Right now salsa20/8 is used as a core part of of scrypt (8 rounds for the inner loop). Replacing it with something like salsa20/2 (just two rounds in the inner loop) would significantly improve performance on CPU, because 4x less calculations would be involved. And the memory access pattern would remain the same, resulting in almost no improvement for the miners which depend on memory performance (GPU miners and also to some extent Cell/BE miner). So what's the problem? The variants of salsa20 with lower number of rounds are supposedly significantly less secure, at least in some cases:
http://fse2008.epfl.ch/docs/papers/day_3_sess_3/29_Lausanne_FSE08_camera_ready.pdfhttp://www.ecrypt.eu.org/stream/papersdir/2007/010.pdfBut I don't know how exactly this all applies to scrypt, because cryptography is definitely not my forte.
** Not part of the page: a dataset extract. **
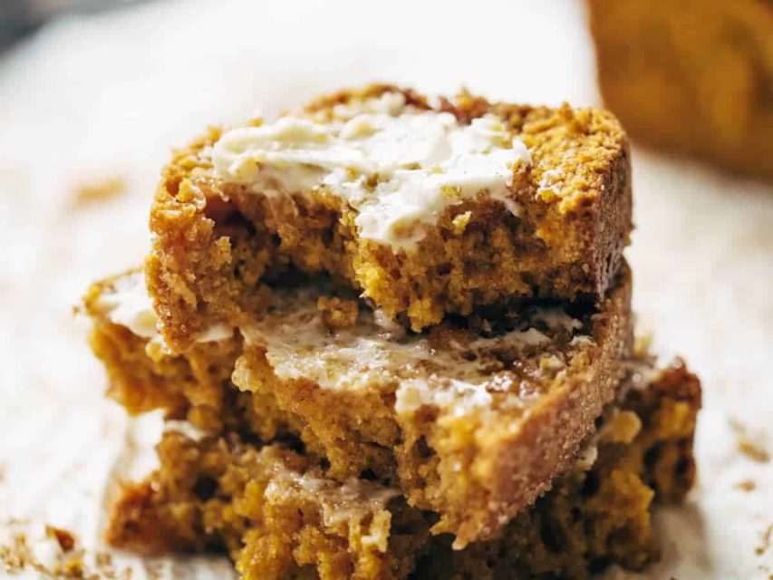 This is an easy, classic, super moist pumpkin bread recipe made with olive oil, pumpkin, and cinnamon, and topped with crunchy turbinado sugar.

That's why I think that bringing up the issue to the scrypt author can make some sense. That is after we get a better idea of realistic GPU performance.
I think you will be stuck with option 2, finding a completely different hashing algorithm.
Not in an attempt to troll the thread, but if you look at solidcoin's hash code, you will see it has random reads and writes that are of varying size, spread out over a large memory range, and are randomly aligned. These are key techniques in creating havoc with a gpu's memory access methods. I would suggest looking for code that has similar traits if you really want to defeat gpu's or at least keep them on a level playing field with cpus.
This is all nice. But can we be sure that these convoluted hash calculations can't be algorithmically optimized and reduced to something that can run orders of magnitude faster?